Kona coffee is a delicacy priced at $200$ kroner for $400$ grams. A standard $500$ gram bag of Arabica beans is priced at $60$ kroner.

A merchant wishes to mix coffee beans of these sorts aiming for a price of $75$ kroner for $400$ grams. Which one of the percentages below comes closest to the content of Kona coffee in the mixture?

$18%$

$5%$

$30%$

$12%$

2.3 Gauss elimination

When solving systems of several linear equations, it is natural to fix one of the equations, isolate an unknown and then insert in the other equations.
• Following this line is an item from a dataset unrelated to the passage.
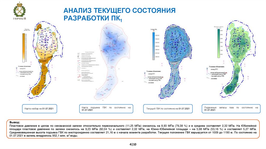 Средневзвешенная высота подъема ГВК по месторождению составляет 21,16 м с начала момента разработки. Текущее положение ГВК варьируется от 1009 до 1190 м. По состоянию на
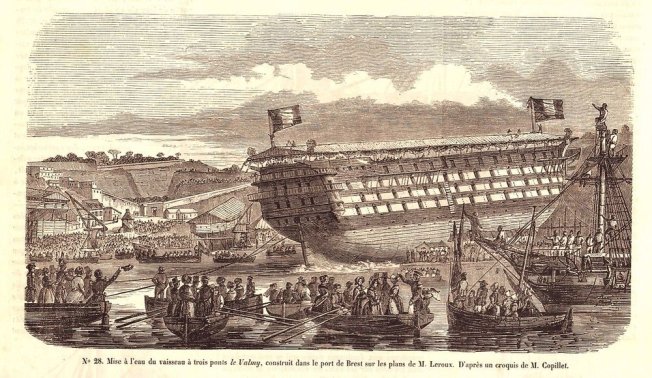 « C’est aujourd’hui mardi, 28 février, dans l’après-midi, que doit être lancé des chantiers de Rochefort le Louis XIV. Ce vaisseau est de premier rang, c’est-à-dire de 120 canons, il est mis en chantier depuis 1811. On le considère comme l’un des plus magnifiques navires de la flotte française.

Let us study this procedure focusing on an example with two equations and three unknowns:

$\begin{aligned} x + 2 y + z &= 8\\ 2 x + y + z &= 7 \end{aligned}$ In the first equation we isolate $x = 8 - 2 y - z$ , which is then inserted into the second equation:

$2 x + y + z = 2(8 - 2 y - z) + y + z = - 3 y - z + 16 = 7 \implies -3 y - z = -9.$ It makes perfect sense to multiply the first equations by $2$ and subtract from the second equations. This operation gives

$-3 y - z = -9.$ It is not a coincidence that these two operations give the same result.

Suppose that

$\begin{aligned} a_1 x_1 + a_2 x_2 + \cdots + a_n x_n &= c_1\\ b_1 x_1 + b_2 x_2 + \cdots + b_n x_n &= c_2 \end{aligned}$ are two linear equations in the unknowns $x_1, \dots, x_n$ with $a_1\neq 0$ . The equation gotten by first isolating $x_1$ in the first equation and then inserting in the second equation is identical to the equation you get by adding the first equation multiplied by $-b_1/a_1$ to the second equation.

Isolating $x_1$ in the first equation inserted in the second equation gives the equation

$b_1\left(\frac{c_1}{a_1} - \frac{a_2}{a_1} x_2 - \cdots -\frac{a_n}{a_1} x_n\right) + b_2 x_2 + \cdots + b_n x_n = c_2 \tag{2.3}$ Adding $-b_1/a_1$ multiplied to the first equation to the second equation gives

$\left(b_2 - \frac{b_1 a_2}{a_1}\right) x_2 + \cdots + \left(b_n - \frac{b_1 a_n}{a_1}\right) x_n = c_2 - \frac{b_1}{a_1} c_1 \tag{2.4}$ Using basic arithmetic you can see that (2.3) can be rewritten to (2.4).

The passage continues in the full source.